## [Exercise instructions]
What is needed is an exact copy of every entry below, minus the images.

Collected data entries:
──────

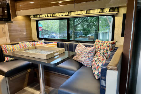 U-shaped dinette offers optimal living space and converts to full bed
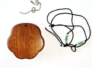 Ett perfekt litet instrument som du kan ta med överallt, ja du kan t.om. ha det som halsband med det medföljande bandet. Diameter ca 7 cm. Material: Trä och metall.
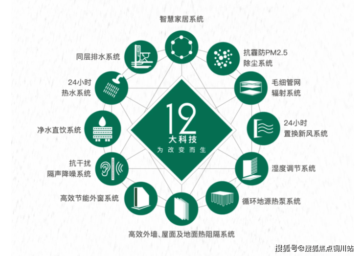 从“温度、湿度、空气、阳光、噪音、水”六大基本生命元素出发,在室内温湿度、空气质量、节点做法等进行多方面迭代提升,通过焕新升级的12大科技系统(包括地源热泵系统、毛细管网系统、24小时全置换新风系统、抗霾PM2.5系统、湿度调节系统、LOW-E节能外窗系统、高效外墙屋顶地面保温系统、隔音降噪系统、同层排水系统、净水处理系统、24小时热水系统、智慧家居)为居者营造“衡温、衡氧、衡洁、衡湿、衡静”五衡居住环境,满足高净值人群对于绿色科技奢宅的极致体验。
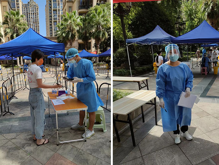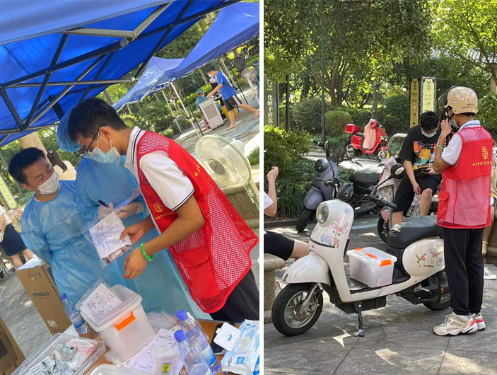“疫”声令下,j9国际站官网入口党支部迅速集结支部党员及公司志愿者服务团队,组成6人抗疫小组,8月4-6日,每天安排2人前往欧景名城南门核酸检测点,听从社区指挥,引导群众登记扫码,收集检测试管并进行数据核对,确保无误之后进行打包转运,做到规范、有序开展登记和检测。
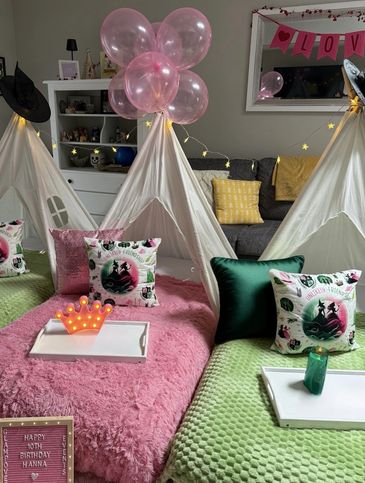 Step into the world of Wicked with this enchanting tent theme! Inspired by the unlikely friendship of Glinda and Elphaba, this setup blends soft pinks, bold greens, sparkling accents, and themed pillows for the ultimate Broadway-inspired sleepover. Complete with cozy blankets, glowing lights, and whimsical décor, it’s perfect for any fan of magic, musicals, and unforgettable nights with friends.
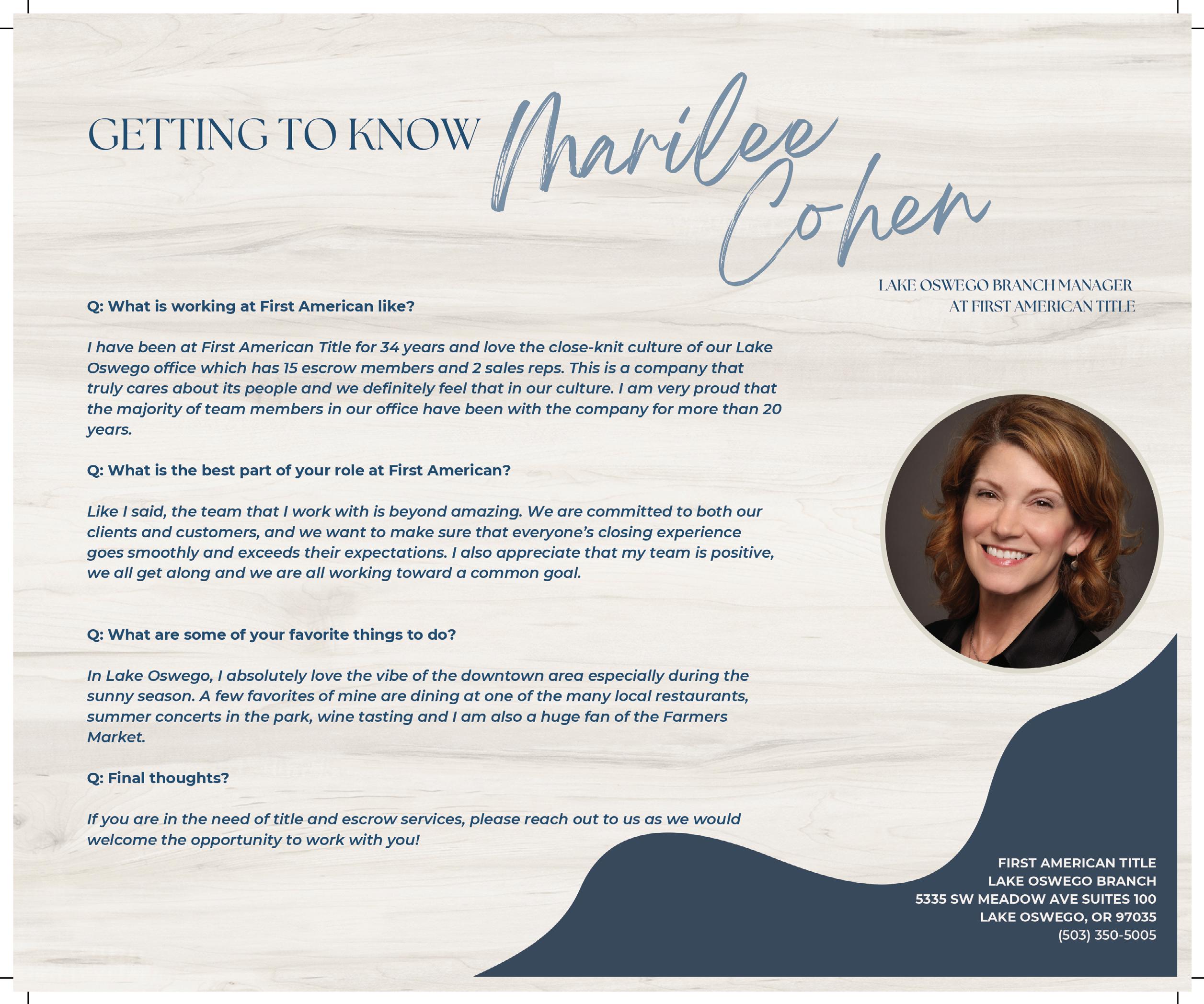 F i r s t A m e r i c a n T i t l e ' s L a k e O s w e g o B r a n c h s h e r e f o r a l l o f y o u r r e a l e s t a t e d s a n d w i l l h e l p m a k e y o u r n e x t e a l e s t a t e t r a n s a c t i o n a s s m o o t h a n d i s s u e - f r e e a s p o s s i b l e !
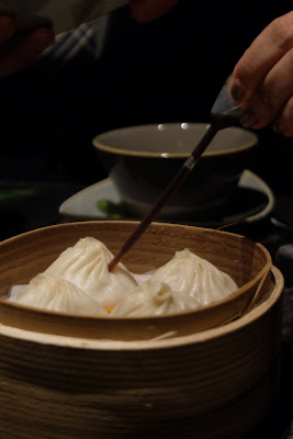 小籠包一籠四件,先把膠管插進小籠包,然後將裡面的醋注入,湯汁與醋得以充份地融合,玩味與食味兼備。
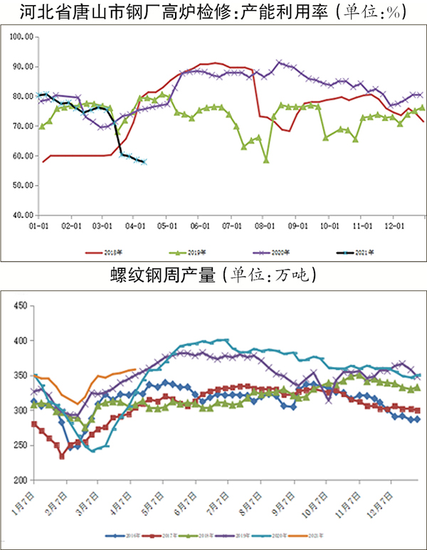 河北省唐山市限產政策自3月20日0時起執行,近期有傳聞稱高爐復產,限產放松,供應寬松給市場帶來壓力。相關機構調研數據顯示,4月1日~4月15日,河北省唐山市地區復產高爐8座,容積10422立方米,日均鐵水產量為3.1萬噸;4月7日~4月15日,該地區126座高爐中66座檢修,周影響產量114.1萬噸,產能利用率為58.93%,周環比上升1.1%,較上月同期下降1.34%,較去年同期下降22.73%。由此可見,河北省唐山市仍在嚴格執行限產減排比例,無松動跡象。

──────

## [Response]
 U-shaped dinette offers optimal living space and converts to full bed
 Ett perfekt litet instrument som du kan ta med överallt, ja du kan t.om. ha det som halsband med det medföljande bandet. Diameter ca 7 cm. Material: Trä och metall.
 从“温度、湿度、空气、阳光、噪音、水”六大基本生命元素出发,在室内温湿度、空气质量、节点做法等进行多方面迭代提升,通过焕新升级的12大科技系统(包括地源热泵系统、毛细管网系统、24小时全置换新风系统、抗霾PM2.5系统、湿度调节系统、LOW-E节能外窗系统、高效外墙屋顶地面保温系统、隔音降噪系统、同层排水系统、净水处理系统、24小时热水系统、智慧家居)为居者营造“衡温、衡氧、衡洁、衡湿、衡静”五衡居住环境,满足高净值人群对于绿色科技奢宅的极致体验。
“疫”声令下,j9国际站官网入口党支部迅速集结支部党员及公司志愿者服务团队,组成6人抗疫小组,8月4-6日,每天安排2人前往欧景名城南门核酸检测点,听从社区指挥,引导群众登记扫码,收集检测试管并进行数据核对,确保无误之后进行打包转运,做到规范、有序开展登记和检测。
 Step into the world of Wicked with this enchanting tent theme! Inspired by the unlikely friendship of Glinda and Elphaba, this setup blends soft pinks, bold greens, sparkling accents, and themed pillows for the ultimate Broadway-inspired sleepover. Complete with cozy blankets, glowing lights, and whimsical décor, it’s perfect for any fan of magic, musicals, and unforgettable nights with friends.
 F i r s t A m e r i c a n T i t l e ' s L a k e O s w e g o B r a n c h s h e r e f o r a l l o f y o u r r e a l e s t a t e d s a n d w i l l h e l p m a k e y o u r n e x t e a l e s t a t e t r a n s a c t i o n a s s m o o t h a n d i s s u e - f r e e a s p o s s i b l e !
 小籠包一籠四件,先把膠管插進小籠包,然後將裡面的醋注入,湯汁與醋得以充份地融合,玩味與食味兼備。
 河北省唐山市限產政策自3月20日0時起執行,近期有傳聞稱高爐復產,限產放松,供應寬松給市場帶來壓力。相關機構調研數據顯示,4月1日~4月15日,河北省唐山市地區復產高爐8座,容積10422立方米,日均鐵水產量為3.1萬噸;4月7日~4月15日,該地區126座高爐中66座檢修,周影響產量114.1萬噸,產能利用率為58.93%,周環比上升1.1%,較上月同期下降1.34%,較去年同期下降22.73%。由此可見,河北省唐山市仍在嚴格執行限產減排比例,無松動跡象。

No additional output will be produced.